_PROBLEM STATEMENT_. Word for word, restate the lines of the listing below from the line with "給寶寶最天然的守護 Moltex 歐洲頂級純天然透氣紙尿片專為嬰幼兒脆弱肌膚設計,讓每一次貼合都舒適自在。" through the line with "L'après midi sera", and do not include the pictures.

_GIVEN DATA_.
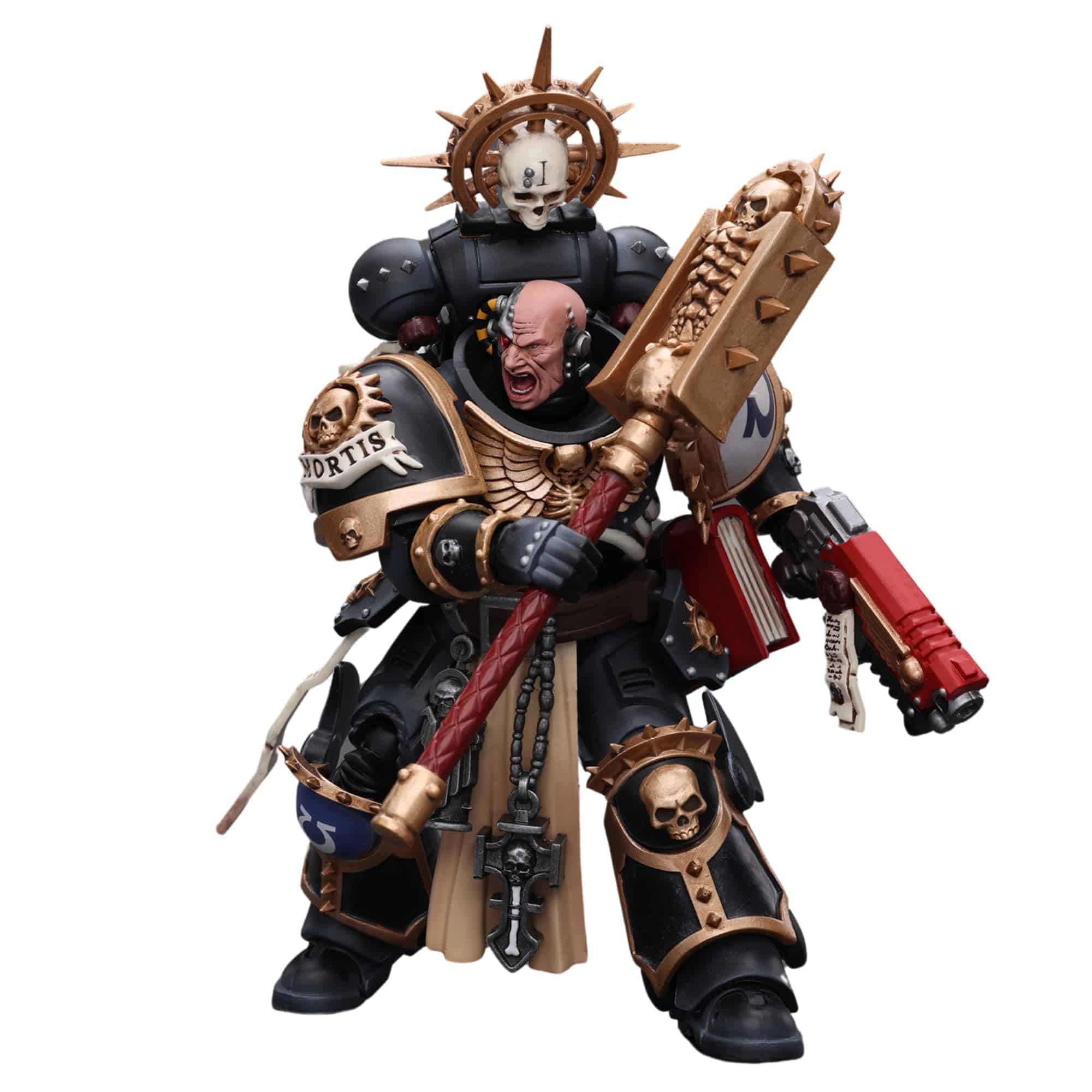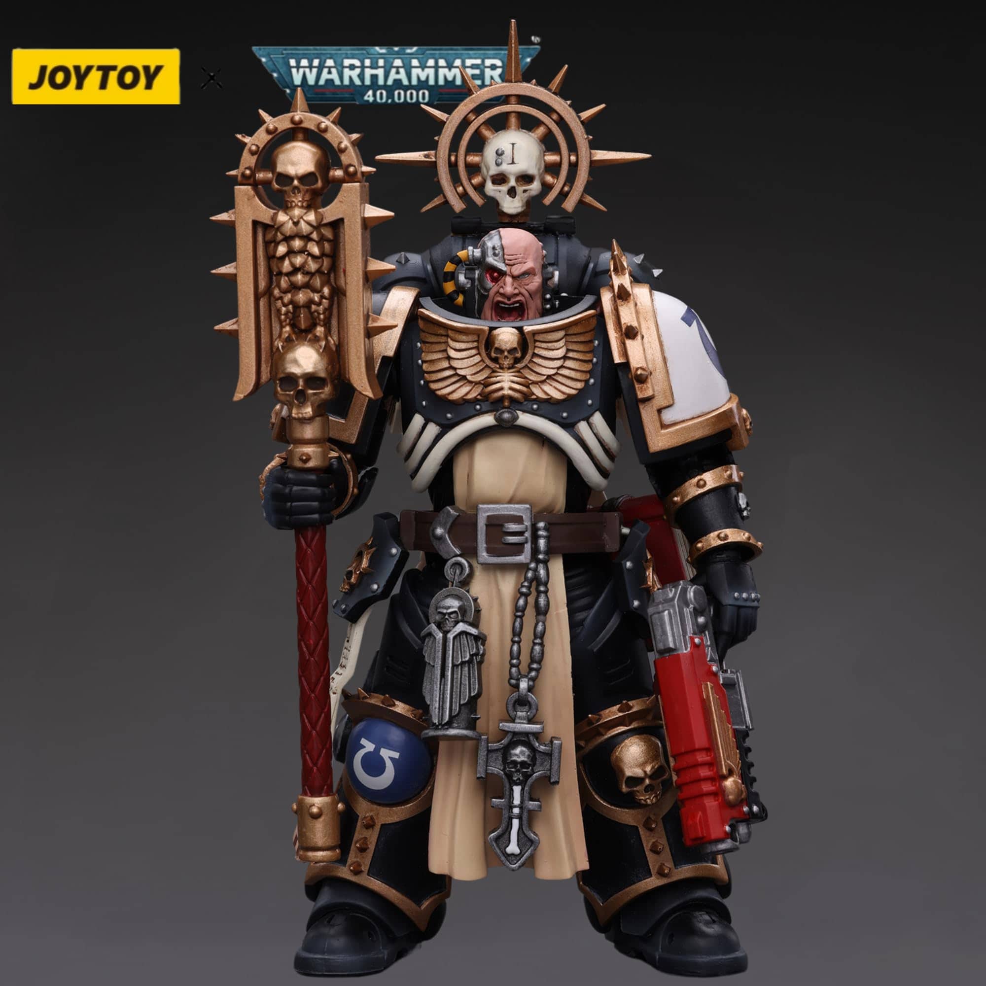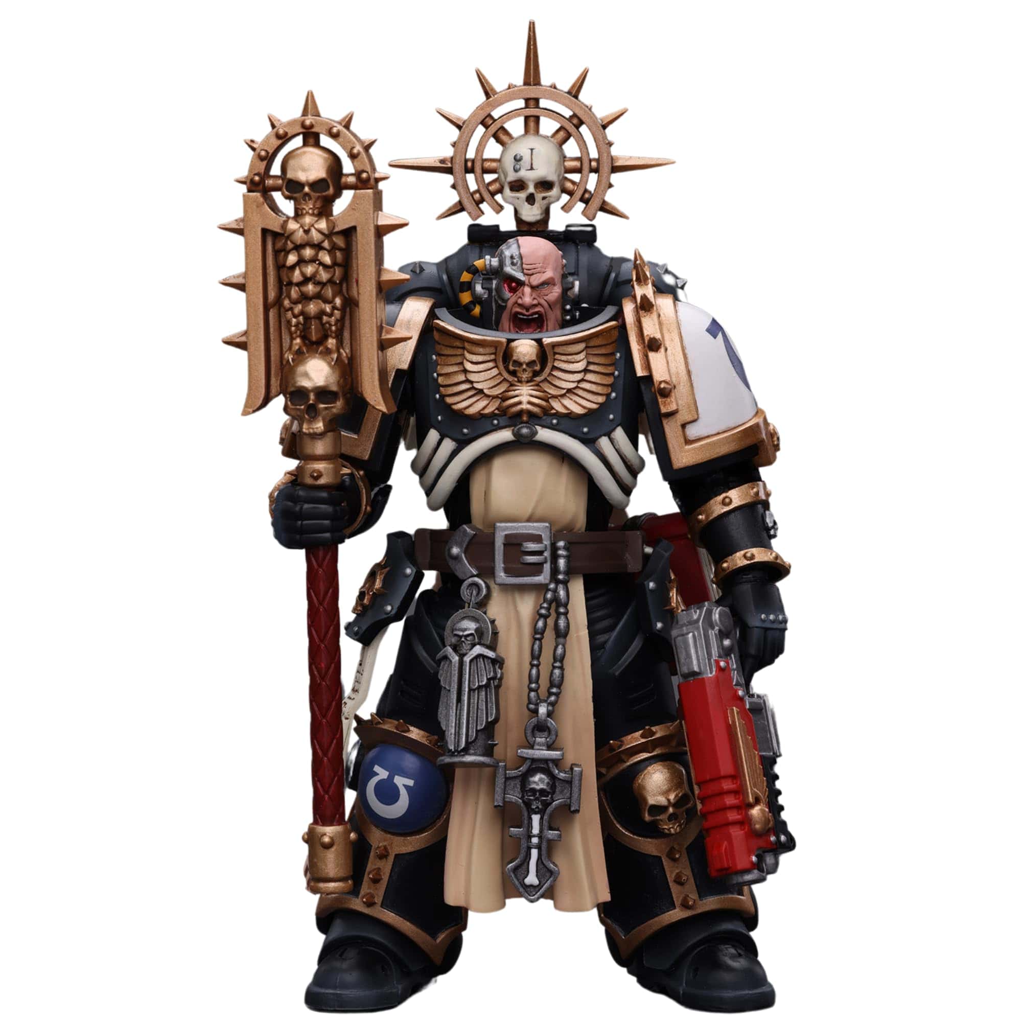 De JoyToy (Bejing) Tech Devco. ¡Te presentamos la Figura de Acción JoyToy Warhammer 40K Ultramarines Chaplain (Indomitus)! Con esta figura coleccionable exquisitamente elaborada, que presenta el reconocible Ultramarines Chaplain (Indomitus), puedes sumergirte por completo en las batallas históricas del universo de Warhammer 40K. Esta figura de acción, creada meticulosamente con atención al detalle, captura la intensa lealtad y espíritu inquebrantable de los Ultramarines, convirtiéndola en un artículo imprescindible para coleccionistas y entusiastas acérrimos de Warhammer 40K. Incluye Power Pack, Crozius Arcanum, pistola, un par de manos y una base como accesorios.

==

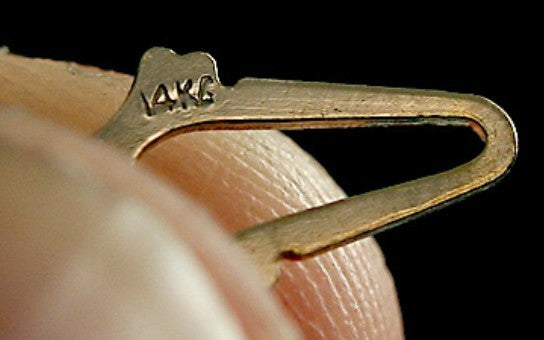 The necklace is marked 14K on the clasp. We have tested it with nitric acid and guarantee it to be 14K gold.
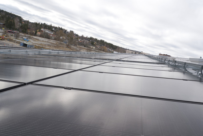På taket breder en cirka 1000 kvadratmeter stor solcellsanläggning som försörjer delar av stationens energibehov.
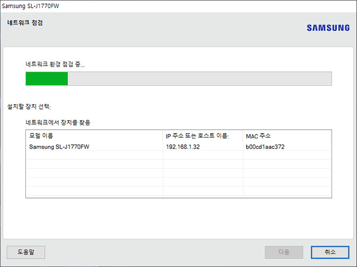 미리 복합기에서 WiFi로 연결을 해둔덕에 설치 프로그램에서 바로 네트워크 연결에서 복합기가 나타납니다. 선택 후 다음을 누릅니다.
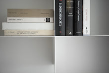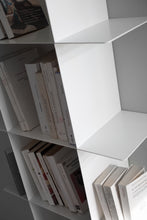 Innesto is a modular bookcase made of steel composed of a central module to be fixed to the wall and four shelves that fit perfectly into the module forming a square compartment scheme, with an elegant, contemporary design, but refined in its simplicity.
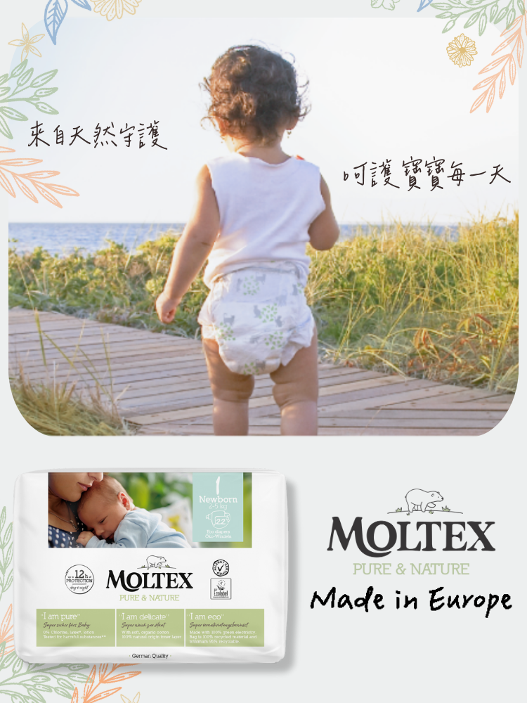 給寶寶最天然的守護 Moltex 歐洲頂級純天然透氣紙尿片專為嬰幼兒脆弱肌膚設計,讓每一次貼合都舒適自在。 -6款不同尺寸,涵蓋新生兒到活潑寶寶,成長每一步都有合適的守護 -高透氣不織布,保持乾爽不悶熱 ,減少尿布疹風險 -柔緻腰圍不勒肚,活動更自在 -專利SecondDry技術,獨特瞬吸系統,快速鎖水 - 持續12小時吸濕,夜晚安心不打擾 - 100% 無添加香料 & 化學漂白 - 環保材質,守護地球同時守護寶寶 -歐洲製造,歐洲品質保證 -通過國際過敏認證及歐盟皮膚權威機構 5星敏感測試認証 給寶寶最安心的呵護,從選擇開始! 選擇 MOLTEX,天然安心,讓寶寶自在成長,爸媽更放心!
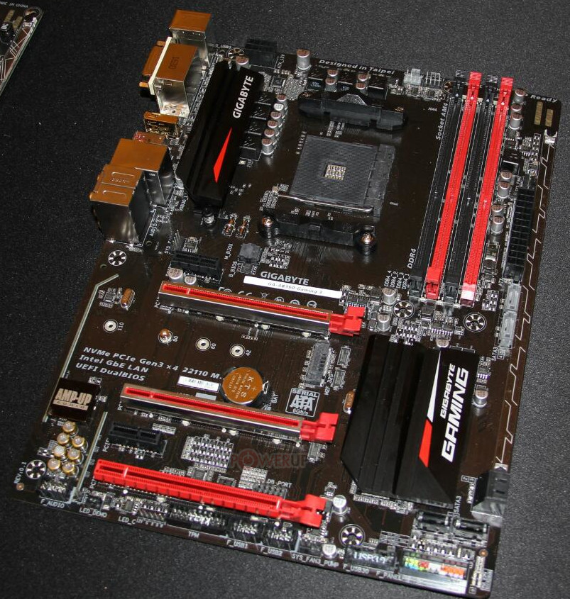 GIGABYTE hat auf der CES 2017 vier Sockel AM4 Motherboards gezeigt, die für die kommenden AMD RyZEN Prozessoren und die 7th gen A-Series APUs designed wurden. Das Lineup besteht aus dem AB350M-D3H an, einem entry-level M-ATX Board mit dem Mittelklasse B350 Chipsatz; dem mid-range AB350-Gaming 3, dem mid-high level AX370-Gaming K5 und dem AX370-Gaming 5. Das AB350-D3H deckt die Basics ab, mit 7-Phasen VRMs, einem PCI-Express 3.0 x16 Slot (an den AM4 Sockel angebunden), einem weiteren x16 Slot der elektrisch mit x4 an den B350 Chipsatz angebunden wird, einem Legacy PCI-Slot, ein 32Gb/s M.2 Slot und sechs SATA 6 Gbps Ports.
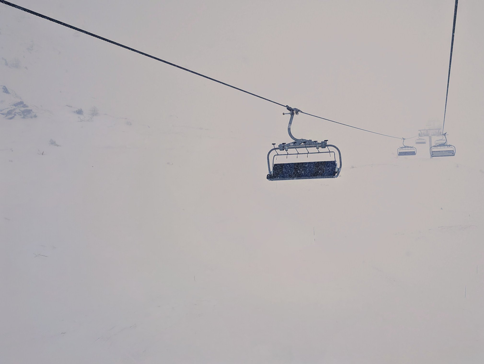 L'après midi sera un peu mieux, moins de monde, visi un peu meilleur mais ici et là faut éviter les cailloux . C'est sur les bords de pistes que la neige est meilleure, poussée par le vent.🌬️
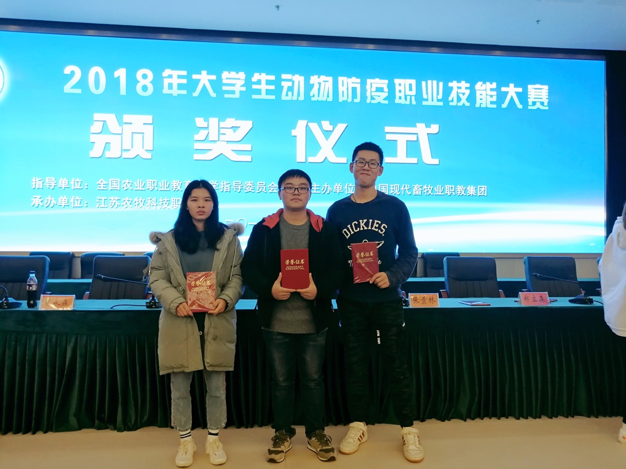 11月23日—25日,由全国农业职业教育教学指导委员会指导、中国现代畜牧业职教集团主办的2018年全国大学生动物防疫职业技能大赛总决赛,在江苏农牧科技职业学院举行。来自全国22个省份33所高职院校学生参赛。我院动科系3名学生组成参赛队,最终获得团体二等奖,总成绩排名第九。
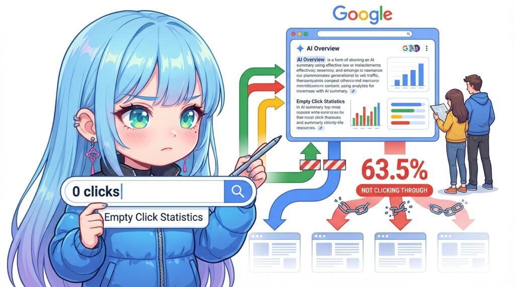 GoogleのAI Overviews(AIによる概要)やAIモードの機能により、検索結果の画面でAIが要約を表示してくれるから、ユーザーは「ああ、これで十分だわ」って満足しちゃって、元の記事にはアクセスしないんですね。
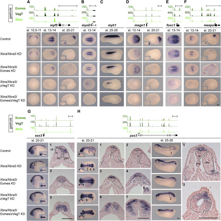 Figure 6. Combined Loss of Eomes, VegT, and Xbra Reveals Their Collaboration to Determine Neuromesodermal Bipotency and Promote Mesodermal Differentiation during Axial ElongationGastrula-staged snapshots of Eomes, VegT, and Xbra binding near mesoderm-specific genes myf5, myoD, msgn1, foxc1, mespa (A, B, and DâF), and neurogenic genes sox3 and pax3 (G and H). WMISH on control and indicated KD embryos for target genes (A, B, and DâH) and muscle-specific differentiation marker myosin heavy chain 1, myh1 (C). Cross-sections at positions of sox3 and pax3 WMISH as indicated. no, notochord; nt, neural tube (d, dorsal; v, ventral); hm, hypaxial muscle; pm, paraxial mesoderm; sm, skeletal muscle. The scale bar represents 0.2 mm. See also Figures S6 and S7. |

_TASK ANSWER_.
 給寶寶最天然的守護 Moltex 歐洲頂級純天然透氣紙尿片專為嬰幼兒脆弱肌膚設計,讓每一次貼合都舒適自在。 -6款不同尺寸,涵蓋新生兒到活潑寶寶,成長每一步都有合適的守護 -高透氣不織布,保持乾爽不悶熱 ,減少尿布疹風險 -柔緻腰圍不勒肚,活動更自在 -專利SecondDry技術,獨特瞬吸系統,快速鎖水 - 持續12小時吸濕,夜晚安心不打擾 - 100% 無添加香料 & 化學漂白 - 環保材質,守護地球同時守護寶寶 -歐洲製造,歐洲品質保證 -通過國際過敏認證及歐盟皮膚權威機構 5星敏感測試認証 給寶寶最安心的呵護,從選擇開始! 選擇 MOLTEX,天然安心,讓寶寶自在成長,爸媽更放心!
 GIGABYTE hat auf der CES 2017 vier Sockel AM4 Motherboards gezeigt, die für die kommenden AMD RyZEN Prozessoren und die 7th gen A-Series APUs designed wurden. Das Lineup besteht aus dem AB350M-D3H an, einem entry-level M-ATX Board mit dem Mittelklasse B350 Chipsatz; dem mid-range AB350-Gaming 3, dem mid-high level AX370-Gaming K5 und dem AX370-Gaming 5. Das AB350-D3H deckt die Basics ab, mit 7-Phasen VRMs, einem PCI-Express 3.0 x16 Slot (an den AM4 Sockel angebunden), einem weiteren x16 Slot der elektrisch mit x4 an den B350 Chipsatz angebunden wird, einem Legacy PCI-Slot, ein 32Gb/s M.2 Slot und sechs SATA 6 Gbps Ports.
 L'après midi sera un peu mieux, moins de monde, visi un peu meilleur mais ici et là faut éviter les cailloux . C'est sur les bords de pistes que la neige est meilleure, poussée par le vent.🌬️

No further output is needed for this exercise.